Inshore fishing is rapidly becoming both unsustainable and unviable because the Minister for Agriculture has refused to review his own department’s mackerel quotas, according to Social Democrats Agriculture Spokesperson Holly Cairns.

“Currently, a paltry 2% of Ireland’s mackerel quota is assigned to vessels under 15 metres while 98% is assigned to just 50 larger boats. This massive disparity is not imposed by the EU, but by the Department of Agriculture – and it is making inshore fishing both unsustainable and unviable.

“Last year, small vessels were stopped from catching mackerel in June, when their meagre annual quota was reached. At the time, I asked Minister McConalogue to act but no help for inshore fishers was forthcoming. With just two months to go before quotas are again exhausted, the Minister must come forward with proactive solutions.

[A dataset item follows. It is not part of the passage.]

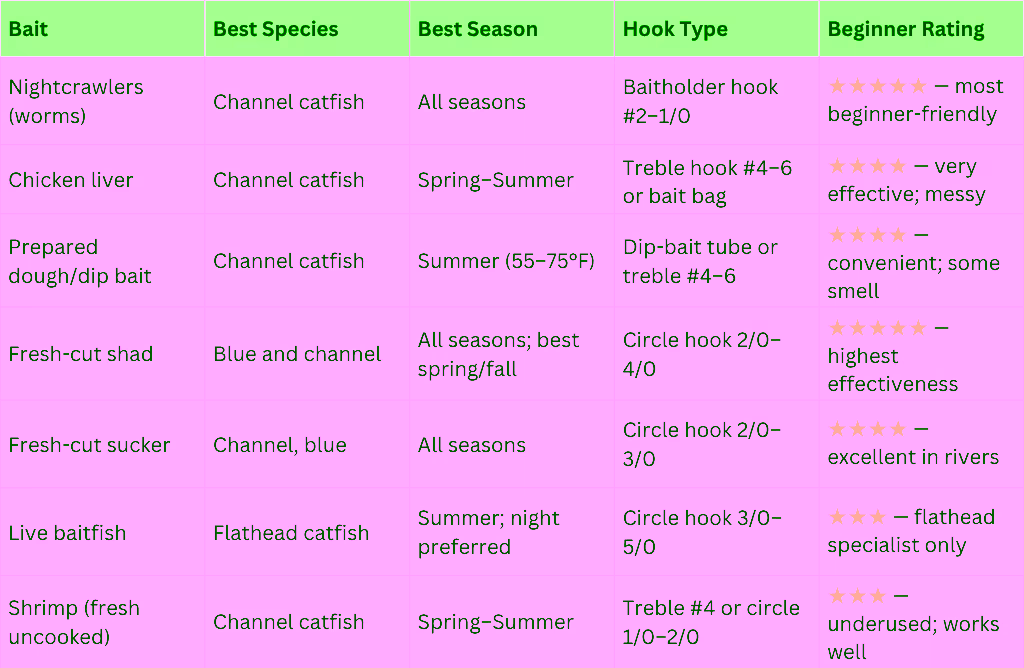 Start with worms, then experiment: Nightcrawlers are the most universally effective beginner catfish bait across all seasons and all water types. They’re available at every bait shop and most gas stations near fishable water. They work on channel catfish everywhere. Thread 2-3 large nightcrawlers onto a 2/0 circle hook, leaving tail ends to wave in the water, and you have a functional catfish rig anywhere in the country.
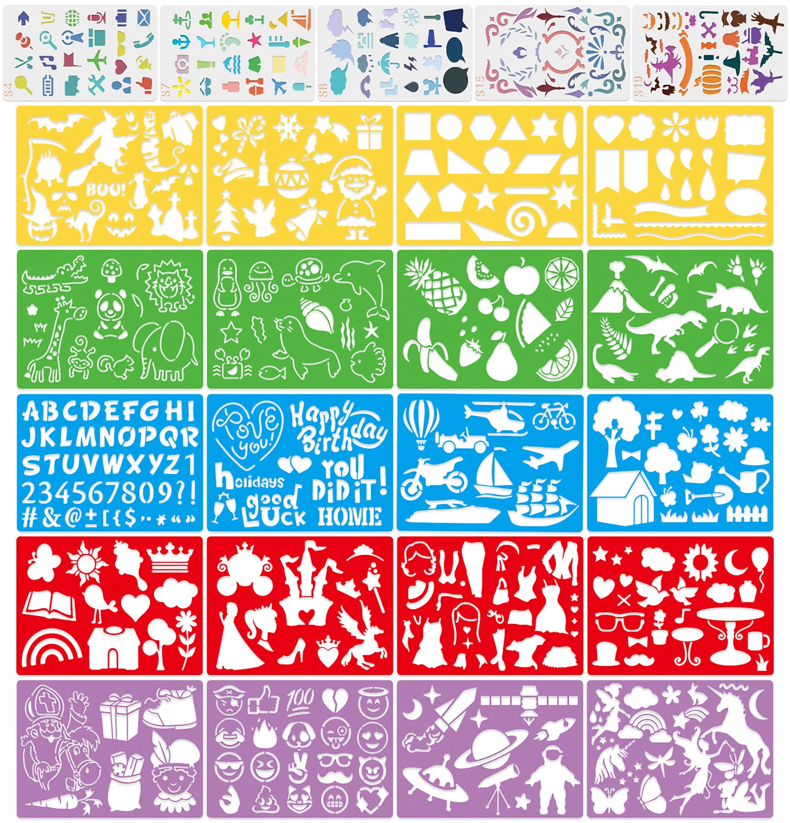 - [Rich Patterns] 25 Sheets drawing stencils with a variety of drawing options, include letters, animal, the sea-world, dinosaurs, planes, flower, weather and special Halloween, Christmas stencils.

“The alternative is a repeat of last year’s scandalous situation whereby even the operators of the smallest of vessels, who are barely getting by, were not permitted to catch a few dozen mackerel to sell at local farmers’ markets.

“When I raised the issue with the Minister in February, he indicated there would be no change in policy. In response to my questions in the Dáil today, the Minister said he was considering revisiting the issue – but failed to provide any timetable for action. This is not good enough.

“It is entirely within the Minister’s authority to adjust the quota allocation. Even a marginal change, from 2% to 4%, would make a huge difference to inshore fishers and still leave larger vessels with 96% of the catch.

“Existing government policy contradicts Article 17 of the Common Fisheries Policy, which states the allocation of quota must be based on the environment; social and economic benefits; and the policy preamble – which specifically states that small offshore islands, dependent on fishing, should be especially recognised to enable them to survive and thrive.

“Our inshore fisheries are more environmentally friendly and practise the kind of sustainable fishing which has been found in coastal and island communities for centuries. Inshore fishing also provides the vast majority of employment in the sector. The least they deserve is a fair allocation of both quota and funding.”